The MGW-P looks like a decent piece, and has good reviews. Kind of a middle ground between the GMM and the Billet Pro...


----------



## svede1212 (Nov 1, 2005)

Poncho Dan said:


> The MGW-P looks like a decent piece, and has good reviews. Kind of a middle ground between the GMM and the Billet Pro...

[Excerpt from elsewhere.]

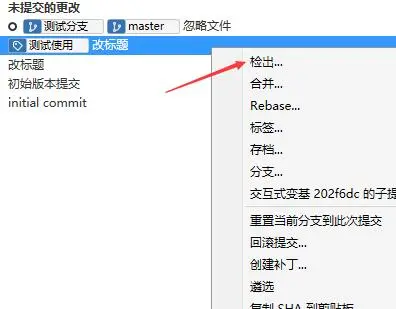 检出分支意思是将当前项目回到选中的版本,这样我们可以很轻松回到任意一个版本,来编译项目,或者检查当时项目的问题。

I really like the looks of that one and if I hadn't bought a GMM 5 years ago I would go that way.


----------



## LS2 MN6 (Jul 14, 2010)

That MGW looks nice!


----------



## Falco21 (May 11, 2010)

Whatever you do, do not get the Billet....some people may enjoy it but I cant get over how badly I HATE IT!! It's not only loud and shaky, but it just feels unsturdy while shifting....Im looking into getting the Rip Shift....have heard great reviews from it from countless people...but again its personal preference...good luck


----------



## HP11 (Apr 11, 2009)

To the OP: If you're really commited to hacking up the stock shifter shaft, bear in mind that if you do eventually decide to purchase a GMM Ripshift, the street version uses your stock knob and your stock shifter shaft. And with it you can do the 2-3 and 4-5 shifts as hard and fast as you want. No matter what you do to the handle on the stock shifter will allow you to do that because the problem is not in the handle.


----------



## 06BLACKGTO64 (Oct 30, 2010)

The GMM Ripshifter Race version also takes the stock gear knob


----------



## HP11 (Apr 11, 2009)

06BLACKGTO64 said:


> The GMM Ripshifter Race version also takes the stock gear knob


Or whatever knob you choose to put on it; that wasn't my point. The street version uses the stock shaft which it the part the OP wants to modify......


----------